Let’s begin with the assumption that I am a fairly talented wordsmith.

Before I say anything especially important, I have a few small digressions to make:

Digression the first – why wordsmith? Why not wordwright, like playwright or shipwright? Wordsmith makes me think of blacksmiths hammering out cold, dead things like horseshoes and nails and old-fashioned hinges. Shipwrights make boats, the best of which have delicate wooden ribs, can slice through the cold saltwater like knives, and creak and groan like living things.

Maybe bookwright is the word I want. Think we could get that into the OED?

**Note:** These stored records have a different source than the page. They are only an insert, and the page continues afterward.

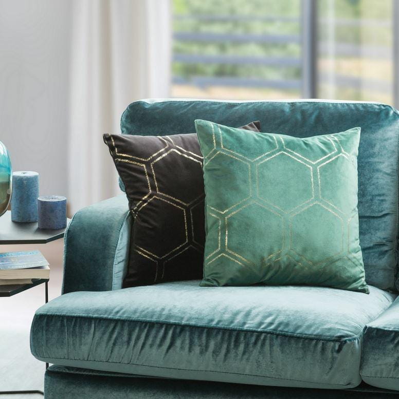Poszewka welwetowa idealnie dopełni wystrój sypialni czy salonu. Nowoczesny design udekoruje każde wnętrze, dodając mu charakteru i elegancji. Tkanina jest miękka co w połączeniu z poduszką lub wypełniaczem daje gwarancję komfortowego odpoczynku. Z jednej strony posiada artystyczny złoty nadruk plastra miodu, z drugiej zaś jest całkowicie gładka. Świetny pomysł na prezent.
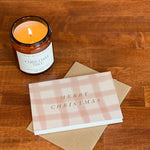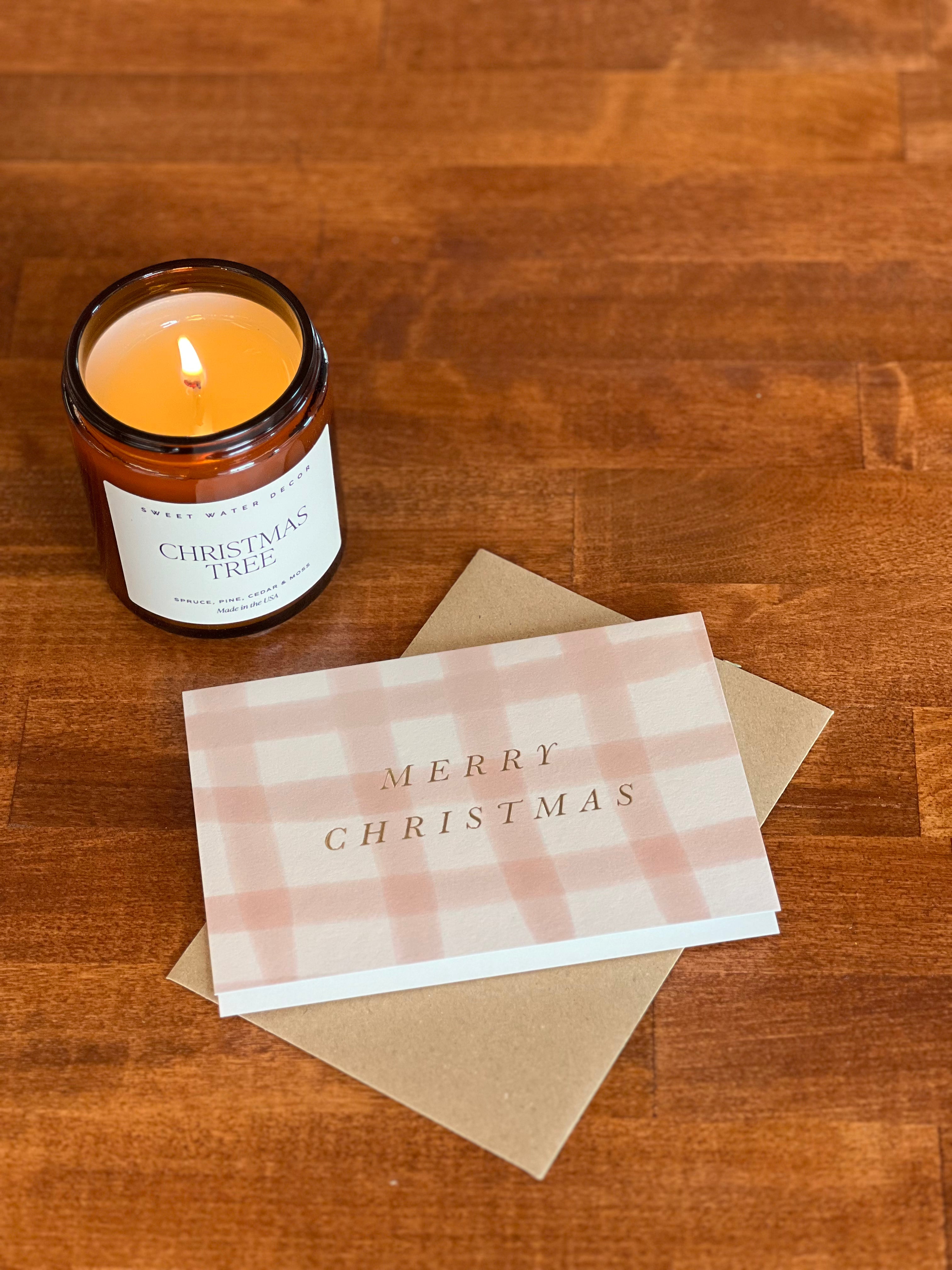 Simple "Merry Christmas" card with gold writing. Blank on the inside ready for your personalized message.
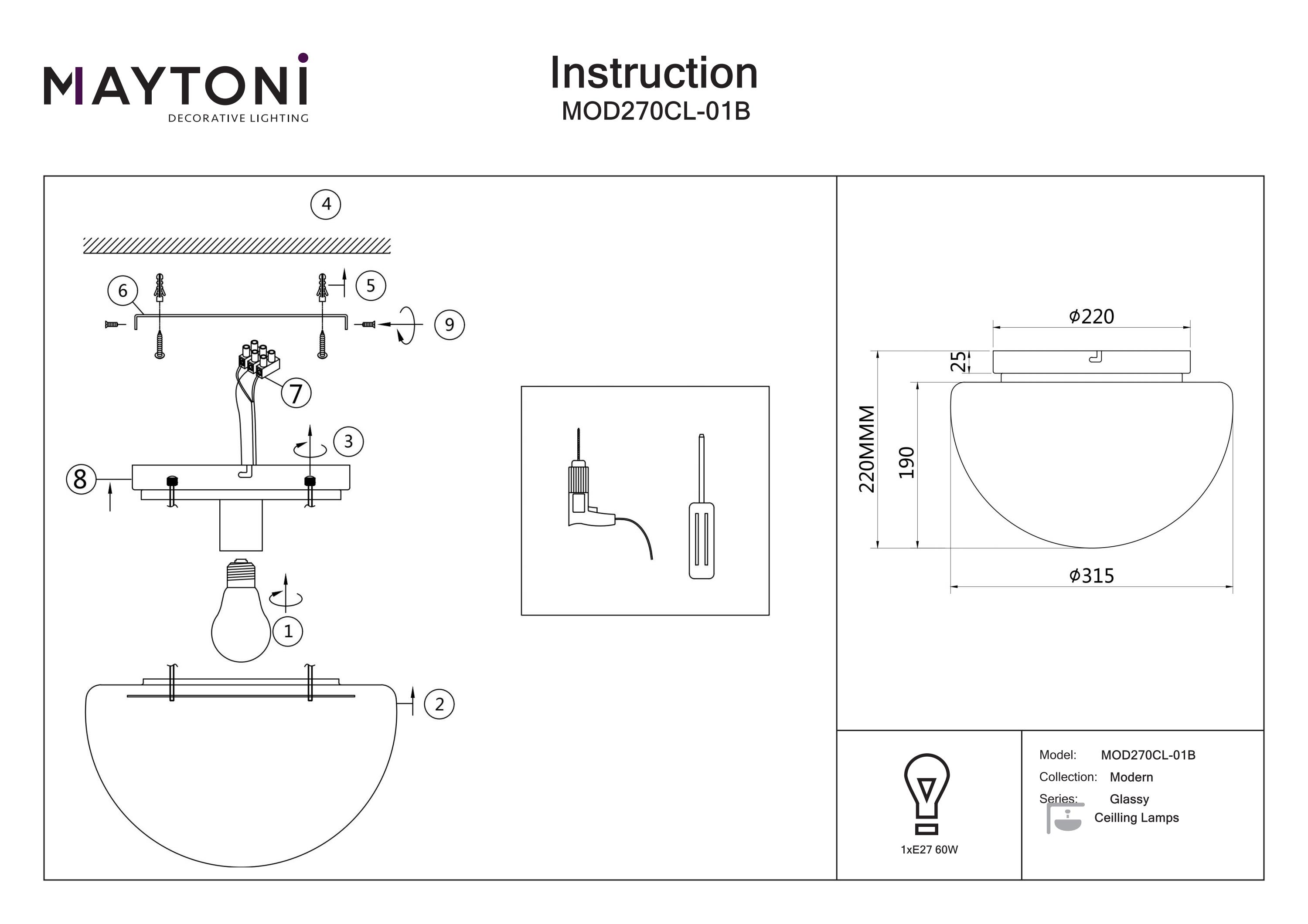 Sursa de lumină utilizează un bec cu soclu E27, oferind o soluție practică și estetică pentru holuri sau camere cu tavan jos.
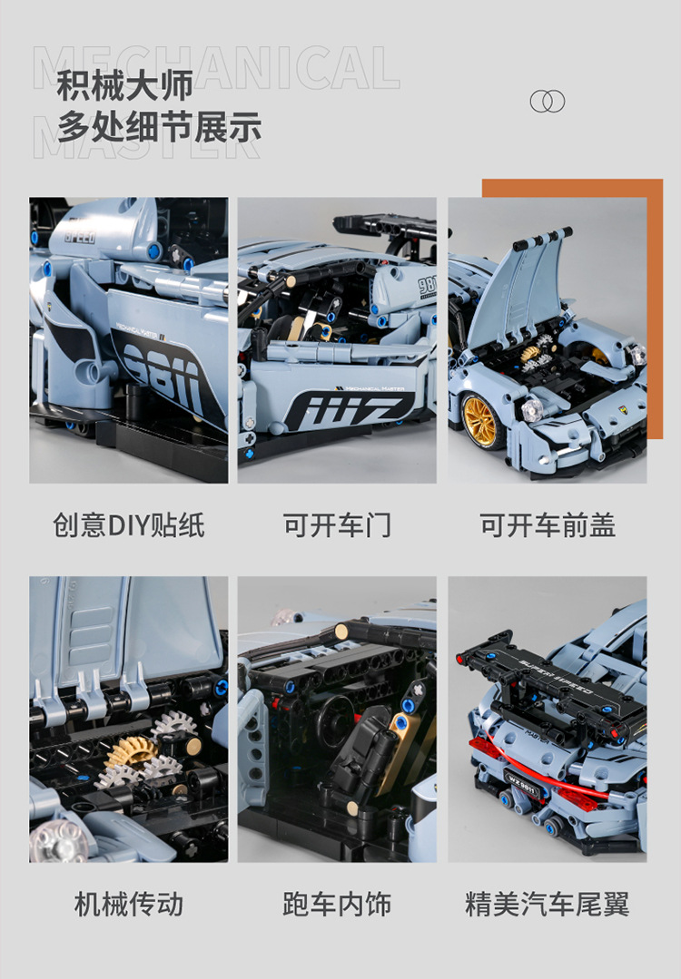 Wanchi 기계 마스터 9811 포르쉐 럭셔리카 로고 빌딩 블록 모델 선물 장난감 소년 조립 레고 호환스토어 가기

Digression the second – I say “assumption” because, of course, talent is subjective. For instance, reading Wally Lamb’s She’s Come Undone made me want to claw my own eyes out, but I know a lot of smart, well-read people who sincerely enjoyed it.

No, but seriously, that book is terrible. It was so bad that it went past good and then all the way back to bad again.

Digression the third – I also say “assumption” because even after all the positive attention, all the accolades and kind words, I still don’t really know that it’s fact. And yes, I Am Not Your Wife was reposted to the The Believer‘s tumblr, Thought Catalog, The Frisky, and Huffington Post, and yes, those things are huge, but I still don’t feel especially talented. Maybe the problem is that those things are too huge, and it’s overwhelming.

Like, fuck. The Believer. Are you fucking kidding me right now? Their contributor’s list is basically a list of ALL OF MY FAVOURITE LIVING AUTHORS EVER. Being published in The Believer is a writer’s wet dream. And I somehow managed to get on their tumblr without even trying?

And for sure there’s a part of me that thinks that all this recognition is fantastic, and it’s only going to lead to better things, and blah blah optimism blah, but there’s another part of me, and admittedly much larger part of me, that thinks that this is all a fluke. That I’ll never write anything as smart or interesting or touching as I Am Not Your Wife, and now, at the age of 30, I’ve reached my peak of greatness, and now I’ll begin my slow decline.

In the future everyone will be famous for fifteen minutes, etc.

But enough digressing. What I really want to talk about is my love-hate relationship with writing fiction.

So.

Let’s begin with the assumption that I am a fairly talented wordsmith.

I am also someone who likes to write fiction.

And I guess that for a long time I thought that talent was all it took to write a good short story, or poem, or novel. I didn’t really think about writing being something that you would have to study or practice or learn. I thought that you were either talented, or you weren’t, and that determined whether or not you were going to succeed.

Then, in the summer of 2007, I took a creative writing class at the Humber School for Writers with Miriam Toews and she was fucking amazing. She had so many nice things to say about my writing, and even recommended me to the Humber School for Writers’ in-house literary agent, and I left that program feeling like a fucking rockstar.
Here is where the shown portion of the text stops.